Now we got a way to turn our data into tensors and labels now we have to make a function to convert x and y into batches

In [None]:
BATCH_SIZE=32

In [None]:
# 

# Define the batch size, 32 is a good default
BATCH_SIZE = 32

# Create a function to turn data into batches
def create_data_batches(x, y=None, batch_size=BATCH_SIZE, valid_data=False, test_data=False):
  """
  Creates batches of data out of image (x) and label (y) pairs.
  Shuffles the data if it's training data but doesn't shuffle it if it's validation data.
  Also accepts test data as input (no labels).
  """
  # If the data is a test dataset, we probably don't have labels
  if test_data:
    print("Creating test data batches...")
    data = tf.data.Dataset.from_tensor_slices((tf.constant(x))) # only filepaths
    data_batch = data.map(process_images).batch(BATCH_SIZE)
    return data_batch
  
  # If the data if a valid dataset, we don't need to shuffle it
  elif valid_data:
    print("Creating validation data batches...")
    data = tf.data.Dataset.from_tensor_slices((tf.constant(x), # filepaths
                                               tf.constant(y))) # labels
    data_batch = data.map(get_images_label).batch(BATCH_SIZE)
    return data_batch

  else:
    # If the data is a training dataset, we shuffle it
    print("Creating training data batches...")
    # Turn filepaths and labels into Tensors
    data = tf.data.Dataset.from_tensor_slices((tf.constant(x), # filepaths
                                              tf.constant(y))) # labels
    
    # Shuffling pathnames and labels before mapping image processor function is faster than shuffling images
    data = data.shuffle(buffer_size=len(x))

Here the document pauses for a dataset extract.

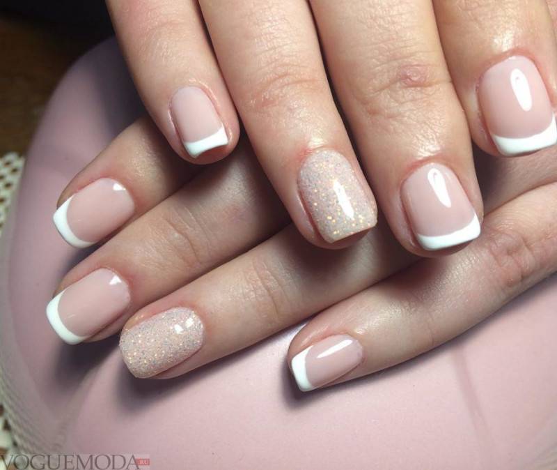 - френч с блестками — сияющие частицы можно заложить в основу или в финишное покрытие.

    # Create (image, label) tuples (this also turns the image path into a preprocessed image)
    data = data.map(get_images_label)

    # Turn the data into batches
    data_batch = data.batch(BATCH_SIZE)
  return data_batch

In [None]:
train_data=create_data_batches(x_train,y_train)
valid_data=create_data_batches(x_val,y_val,valid_data=True)

In [None]:
train_data.element_spec,valid_data.element_spec

## Visualizing Data 
> Thses area a bit hard to comprehend/Understand  so we will like to see them in action

In [None]:
import matplotlib.pyplot as plt 
# Create a function for viewing images in a data batch
def show_25_images(images, labels):
  """
  Displays 25 images from a data batch.
  """
  # Setup the figure
  plt.figure(figsize=(10, 10))
  # Loop through 25 (for displaying 25 images)
  for i in range(25):
    # Create subplots (5 rows, 5 columns)
    ax = plt.subplot(5, 5, i+1)
    # Display an image
    plt.imshow(images[i])
    # Add the image label as the title
    plt.title(unique_breeds_list[labels[i].argmax()])
    # Turn gird lines off
    plt.axis("off")



In [None]:
train_images, train_labels = next(train_data.as_numpy_iterator())
show_25_images(train_images, train_labels)

In [None]:
val_images,val_labels=next(valid_data.as_numpy_iterator())

In [None]:
show_25_images(val_images,val_labels)

## Before we build a model 
`few things we need to define`
1. Input shape (Our image shape in from of tensors)to our model 
2. Output shape(Image labels in from of tensors) to our model
3. Url we want to use from tensorflow HUB
https://tfhub.dev/google/imagenet/mobilenet_v2_130_224/classification/5

In [None]:
INPUT_SHAPE=[None,IMG_SIZE,IMG_SIZE,3]
OUTPUT_SHAPE=len(unique_breeds_list)
MODEL_URL="https://tfhub.dev/google/imagenet/mobilenet_v2_130_224/classification/5"

ow we've got the inputs, outputs and model we're using ready to go. We can start to put them together

There are many ways of building a model in TensorFlow but one of the best ways to get started is to use the Keras API.

Defining a deep learning model in Keras can be as straightforward as saying, "here are the layers of the model, the input shape and the output shape, let's go!"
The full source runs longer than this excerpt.